Stored data Start Marker

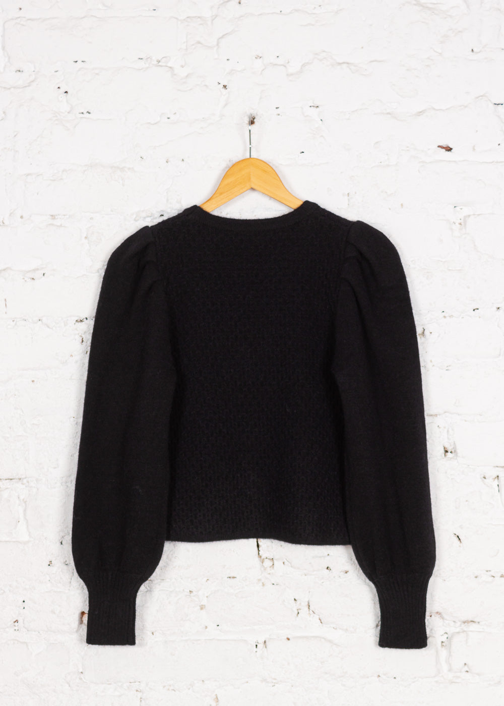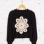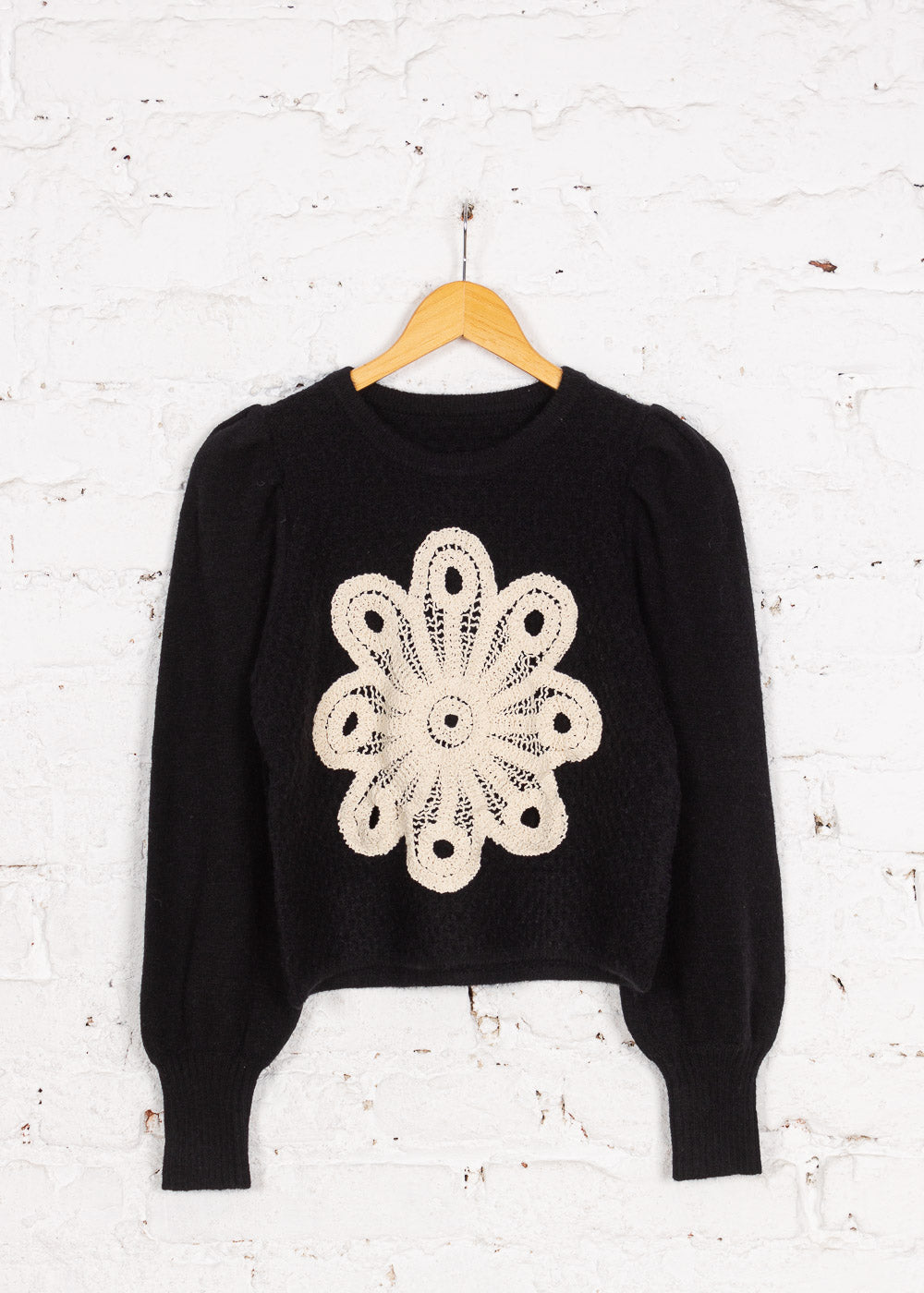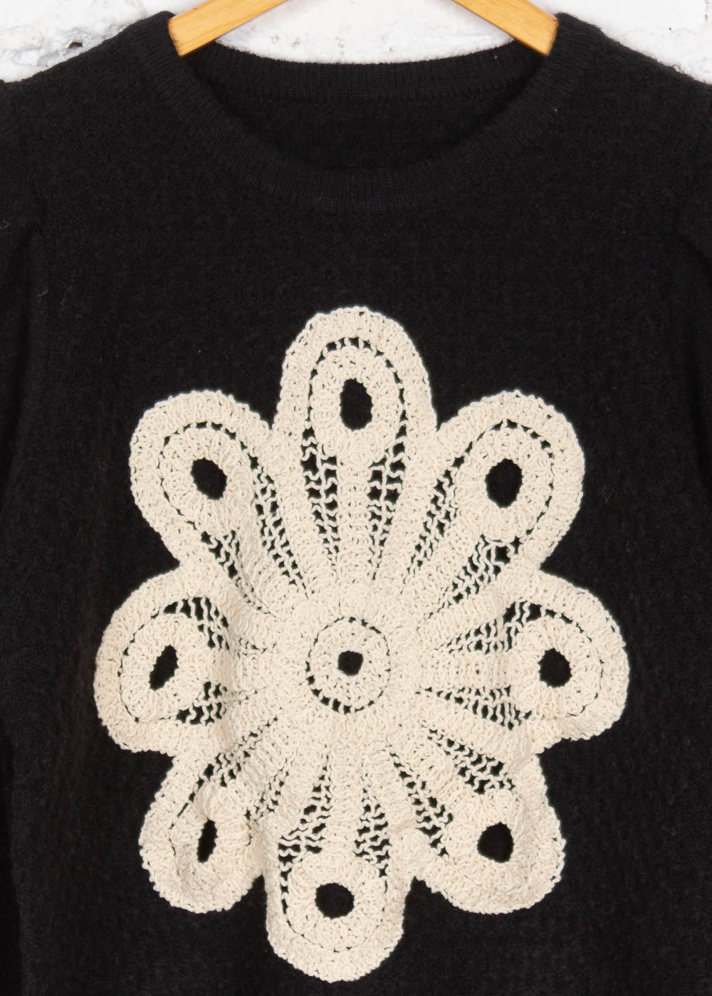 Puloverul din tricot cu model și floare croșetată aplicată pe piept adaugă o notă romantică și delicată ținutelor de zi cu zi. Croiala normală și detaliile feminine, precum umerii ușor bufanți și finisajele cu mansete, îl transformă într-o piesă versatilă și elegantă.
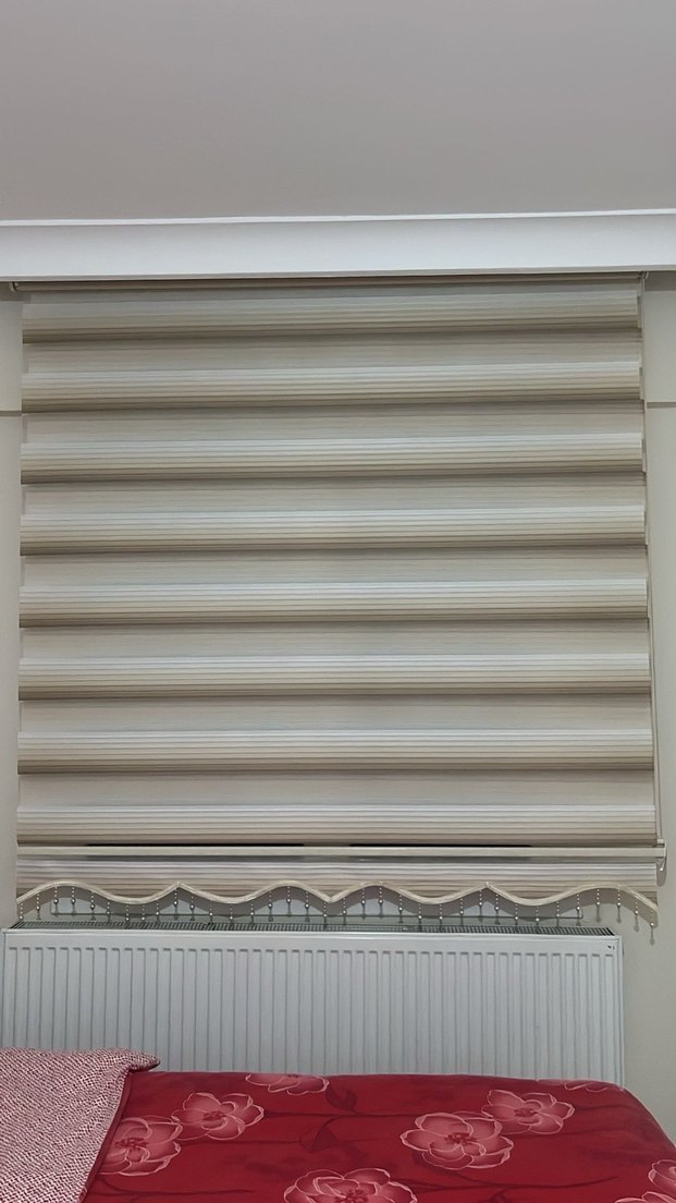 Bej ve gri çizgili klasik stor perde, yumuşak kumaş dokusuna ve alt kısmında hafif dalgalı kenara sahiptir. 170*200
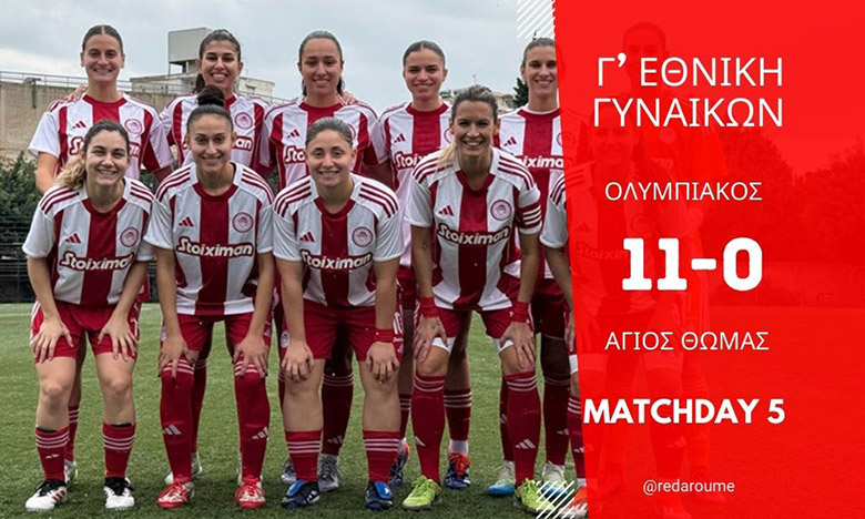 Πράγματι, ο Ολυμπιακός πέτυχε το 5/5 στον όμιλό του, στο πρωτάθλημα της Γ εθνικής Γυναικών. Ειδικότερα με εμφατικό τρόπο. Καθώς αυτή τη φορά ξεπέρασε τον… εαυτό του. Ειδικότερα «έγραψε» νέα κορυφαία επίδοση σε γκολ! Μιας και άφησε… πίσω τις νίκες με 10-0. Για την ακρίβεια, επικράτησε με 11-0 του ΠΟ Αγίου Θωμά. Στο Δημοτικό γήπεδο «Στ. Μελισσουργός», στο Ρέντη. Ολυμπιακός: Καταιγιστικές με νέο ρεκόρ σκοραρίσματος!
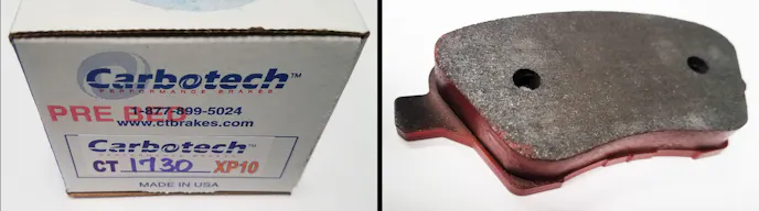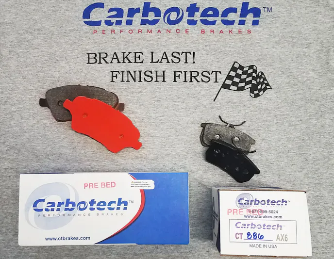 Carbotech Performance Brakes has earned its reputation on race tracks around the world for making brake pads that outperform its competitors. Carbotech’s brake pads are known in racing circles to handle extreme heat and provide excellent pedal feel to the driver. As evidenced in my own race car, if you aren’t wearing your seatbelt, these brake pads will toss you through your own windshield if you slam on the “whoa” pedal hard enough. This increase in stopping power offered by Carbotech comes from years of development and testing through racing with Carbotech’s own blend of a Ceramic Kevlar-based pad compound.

Stored data End Marker
Stored data Start Marker

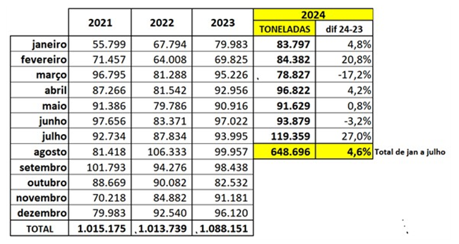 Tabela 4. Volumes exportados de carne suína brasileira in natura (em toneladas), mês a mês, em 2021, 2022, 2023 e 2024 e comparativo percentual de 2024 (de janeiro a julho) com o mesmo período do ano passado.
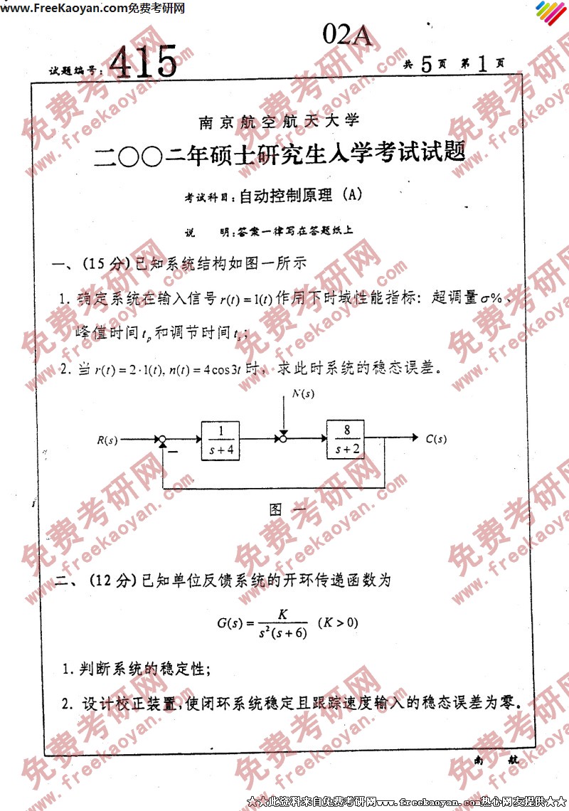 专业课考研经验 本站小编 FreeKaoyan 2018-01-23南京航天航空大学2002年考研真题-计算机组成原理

Stored data End Marker
Stored data Start Marker

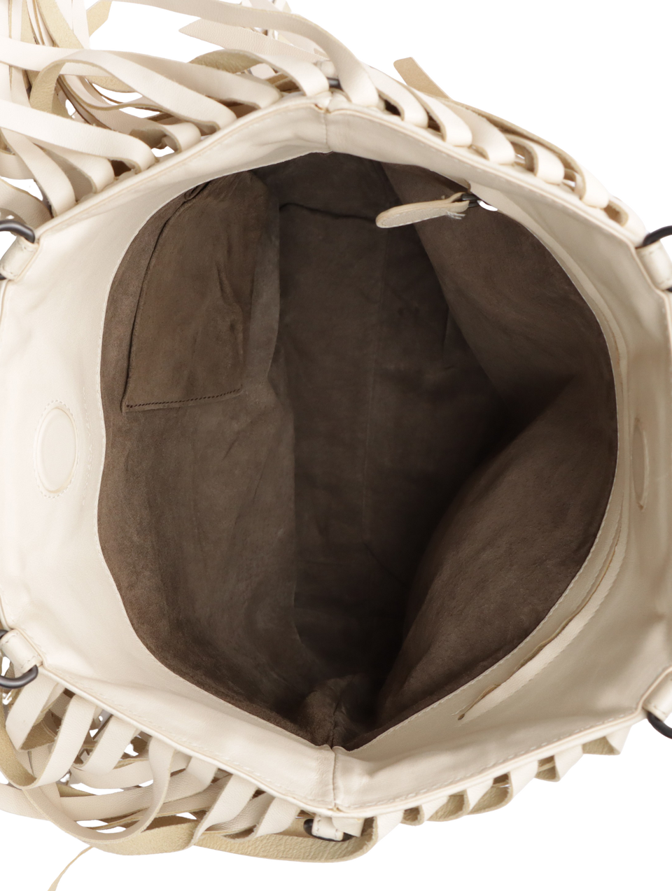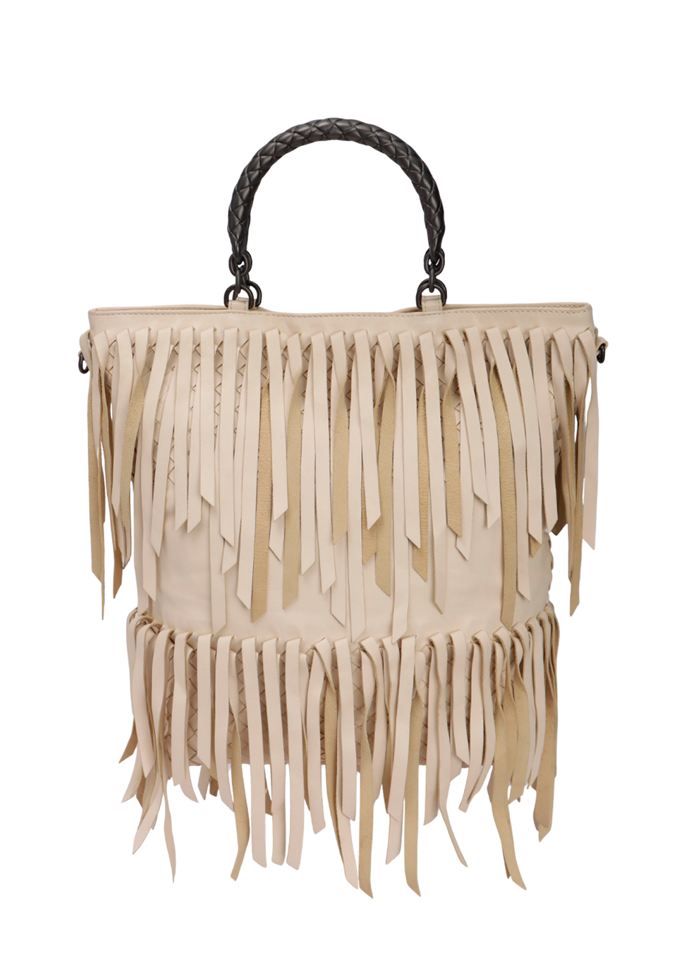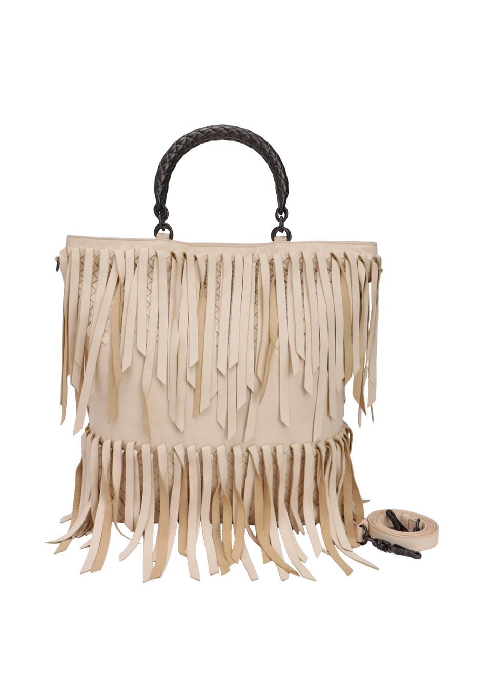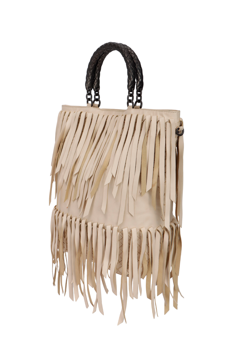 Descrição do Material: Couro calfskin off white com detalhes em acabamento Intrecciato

Stored data End Marker

» **Task brief**
Among the entries above, find the line with "Puloverul din tricot" and repeat exactly from there through the line with "Bej ve gri çizgili", leaving out the pictures.

» **Task response**
 Puloverul din tricot cu model și floare croșetată aplicată pe piept adaugă o notă romantică și delicată ținutelor de zi cu zi. Croiala normală și detaliile feminine, precum umerii ușor bufanți și finisajele cu mansete, îl transformă într-o piesă versatilă și elegantă.
 Bej ve gri çizgili klasik stor perde, yumuşak kumaş dokusuna ve alt kısmında hafif dalgalı kenara sahiptir. 170*200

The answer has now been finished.